[[ Data extract open ]]

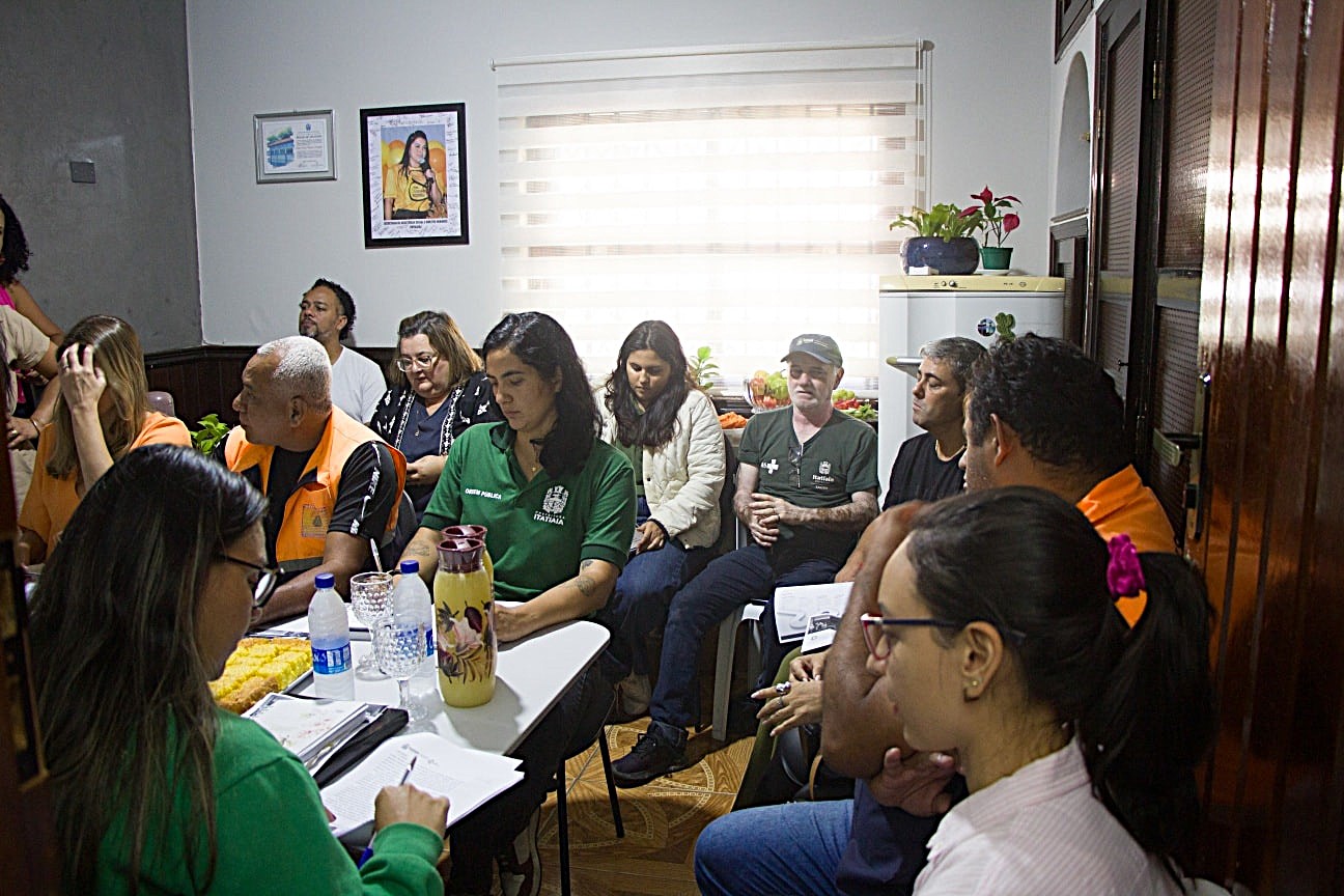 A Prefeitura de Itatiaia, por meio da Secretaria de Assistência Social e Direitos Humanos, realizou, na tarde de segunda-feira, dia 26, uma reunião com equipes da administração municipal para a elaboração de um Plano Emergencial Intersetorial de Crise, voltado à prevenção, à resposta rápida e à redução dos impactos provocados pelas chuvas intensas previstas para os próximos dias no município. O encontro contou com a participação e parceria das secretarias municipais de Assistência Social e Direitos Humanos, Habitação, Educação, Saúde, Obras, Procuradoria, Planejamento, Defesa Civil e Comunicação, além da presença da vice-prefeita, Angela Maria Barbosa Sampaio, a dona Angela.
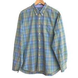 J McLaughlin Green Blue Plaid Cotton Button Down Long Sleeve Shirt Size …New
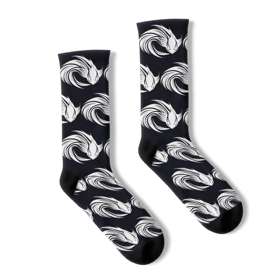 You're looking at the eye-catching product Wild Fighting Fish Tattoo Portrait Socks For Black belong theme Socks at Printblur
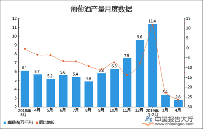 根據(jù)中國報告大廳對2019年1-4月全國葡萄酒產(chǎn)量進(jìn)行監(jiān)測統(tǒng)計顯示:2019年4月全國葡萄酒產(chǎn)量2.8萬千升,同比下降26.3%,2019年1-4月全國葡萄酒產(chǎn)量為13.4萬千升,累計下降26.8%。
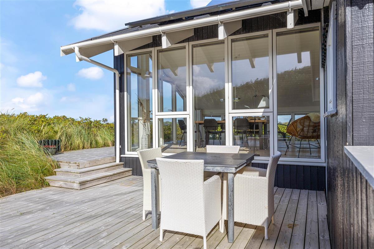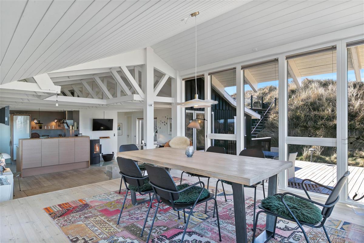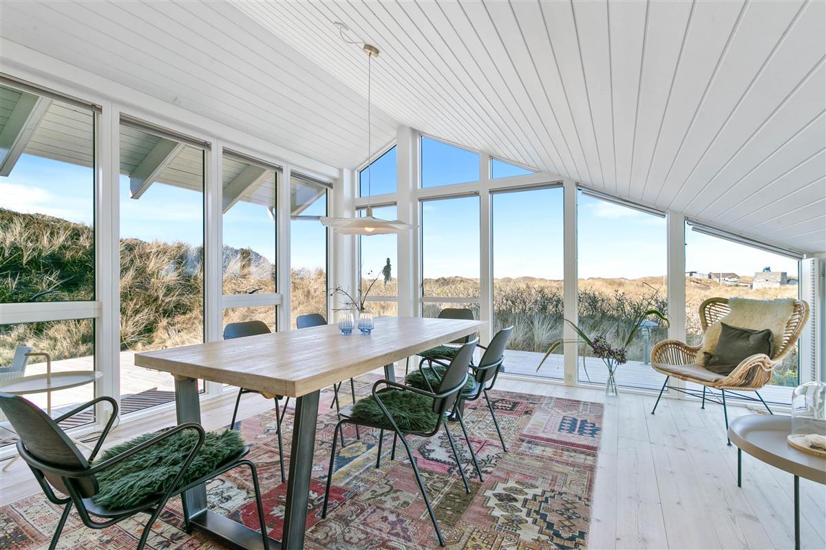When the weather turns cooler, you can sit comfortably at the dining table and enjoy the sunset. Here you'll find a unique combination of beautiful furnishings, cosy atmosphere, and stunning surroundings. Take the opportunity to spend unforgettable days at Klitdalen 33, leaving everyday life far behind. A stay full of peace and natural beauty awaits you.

[[ Data extract closed ]]

◆ What to do ◆
The expected answer is an unaltered copy of the listing, images removed.

◆ Solution below ◆
 A Prefeitura de Itatiaia, por meio da Secretaria de Assistência Social e Direitos Humanos, realizou, na tarde de segunda-feira, dia 26, uma reunião com equipes da administração municipal para a elaboração de um Plano Emergencial Intersetorial de Crise, voltado à prevenção, à resposta rápida e à redução dos impactos provocados pelas chuvas intensas previstas para os próximos dias no município. O encontro contou com a participação e parceria das secretarias municipais de Assistência Social e Direitos Humanos, Habitação, Educação, Saúde, Obras, Procuradoria, Planejamento, Defesa Civil e Comunicação, além da presença da vice-prefeita, Angela Maria Barbosa Sampaio, a dona Angela.
 J McLaughlin Green Blue Plaid Cotton Button Down Long Sleeve Shirt Size …New
 You're looking at the eye-catching product Wild Fighting Fish Tattoo Portrait Socks For Black belong theme Socks at Printblur
 根據(jù)中國報告大廳對2019年1-4月全國葡萄酒產(chǎn)量進(jìn)行監(jiān)測統(tǒng)計顯示:2019年4月全國葡萄酒產(chǎn)量2.8萬千升,同比下降26.3%,2019年1-4月全國葡萄酒產(chǎn)量為13.4萬千升,累計下降26.8%。
When the weather turns cooler, you can sit comfortably at the dining table and enjoy the sunset. Here you'll find a unique combination of beautiful furnishings, cosy atmosphere, and stunning surroundings. Take the opportunity to spend unforgettable days at Klitdalen 33, leaving everyday life far behind. A stay full of peace and natural beauty awaits you.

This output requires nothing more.